Conférence de Bernard REY, 22 septembre 2010, auprès des formateurs du groupe “socle commun, évaluation par compétences”, à Dijon.
Bernard Rey, ancien professeur du secondaire en France, docteur en sciences de l’éducation, est professeur à l’Université Libre de Bruxelles. Il dirige un groupe de recherches sur “les compétences et l’évaluation” depuis 1999. Le groupe de chercheurs ne se présente pas comme militant des compétences, mais se pose la question suivante : “l’approche par compétences est-elle susceptible de réduire les difficultés des élèves ?”
La définition officielle de “compétence” :
- connaissances
- capacités (mobilisables dans des situations variées)
- attitudes (attention ces attitudes ne doivent pas être comprises comme le résultat des connaissances et des capacités, mais comme un comportement commandé par un ensemble de valeurs)
Devant l’abondance des compétences et la multiplicité des énoncés (sous-compétences), il convient de mettre de l’ordre :
1) Essai de classification des compétences.
- connaissances.
- compétences générales.
- compétences spécifiques.
Problème de l’enseignant : comment faire acquérir ces compétences ?
Pour les connaissances, le problème est relativement simple : la répétition. Pour les autres compétences, le problème est complexe.
* Compétences générales : opération mentale sans préciser l’objet sur lequel elle porte. ex : émettre une hypothèse, argumenter…
Les compétences générales sont au-delà des disciplines. Dans l’esprit du socle commun, elles doivent conduire à la formation de l’esprit de l’élève. L’élève doit se doter de compétences générales qui lui serviront dans sa vie personnelle et professionnelle.

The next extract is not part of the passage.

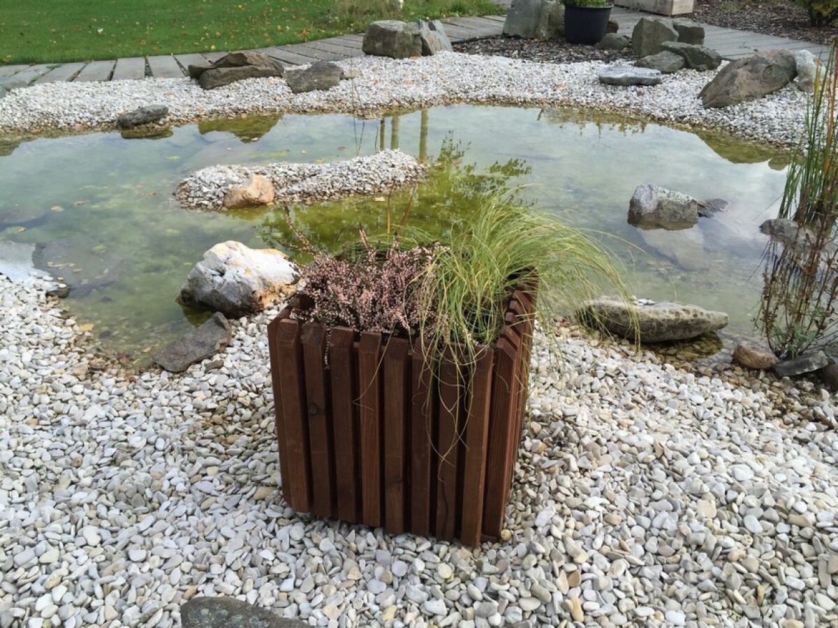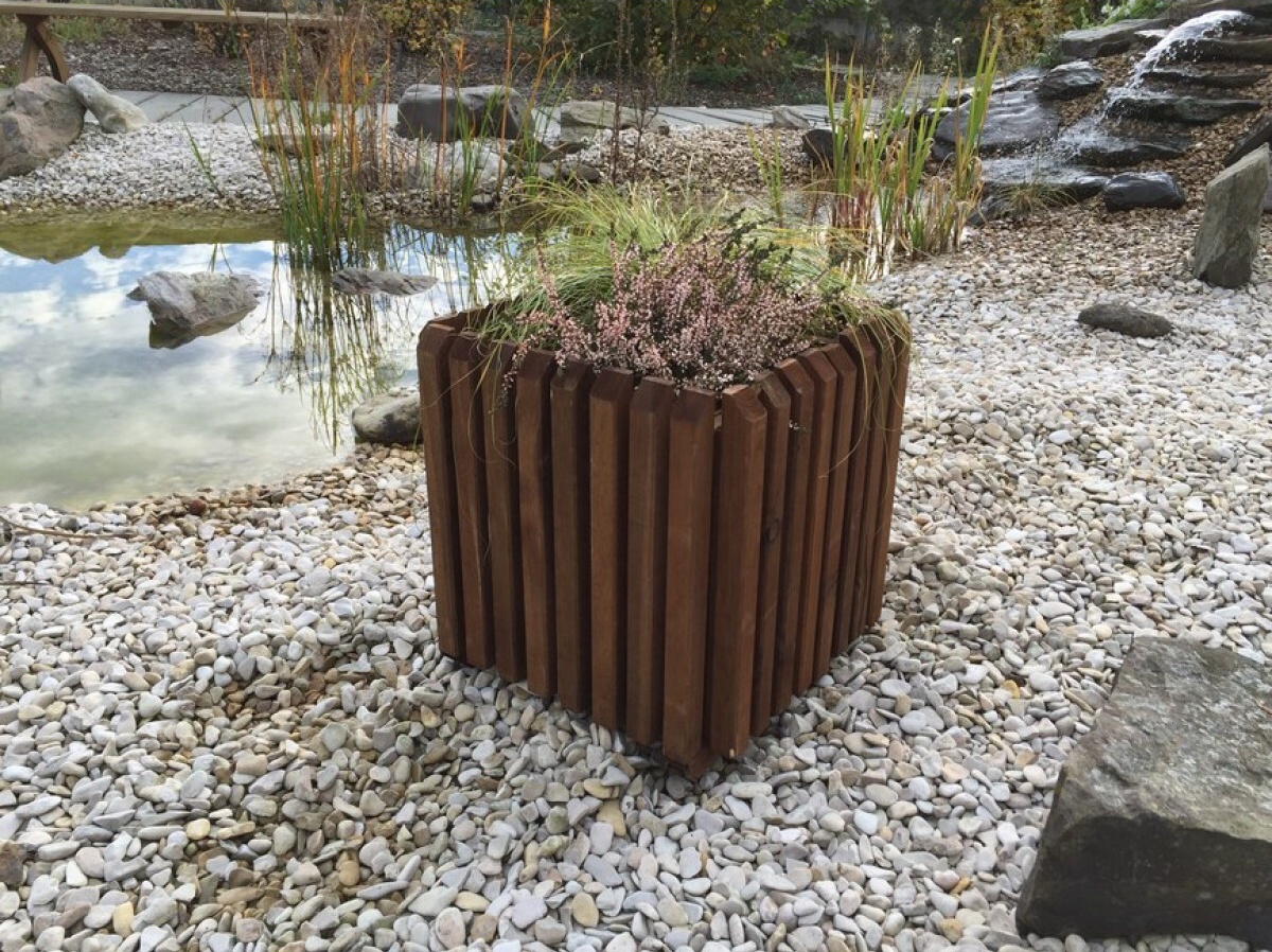 Designový box na květiny o rozměru š 40 x d 40 x v 40 cm. Dřevo je ošetřeno tlakovou impregnací, přesto ho doporučujeme ošetřit vhodnou povrchovou úpravou pro venkovní dřevo (podle vlastní volby) - tzn. protiplísňový nátěr plus např. lazura. Při vrstvení půdy ve vyvýšeném záhonu doporučujeme strukturu půdy přizpůsobit rostlinám. Box je vystlán geotextílií a má dvě ucha na přenášení. Box má dno.

Mais on ne sait pas comment les faire acquérir, cela reste un pari. Il n’y a pas moyen de vérifier ces acquis. Il n’est pas certain qu’une démarche soit transférable sur des contenus différents. Les recherches confirment qu’il n’existe pas de démarches mentales qui pourraient s’appliquer à des contenus différents, au moins pour deux raisons :
- Les formulations sont trompeuses : un même mot peut recouvrir des réalités différentes (ex : savoir identifier un problème), le sens n’est pas le même dans les différentes situations que l’on rencontre. (Autre ex : observer. Est-ce qu’observer une carte de géographie relève de la même structure mentale qu’observer le comportement d’un animal pour comprendre son fonctionnement biologique ? )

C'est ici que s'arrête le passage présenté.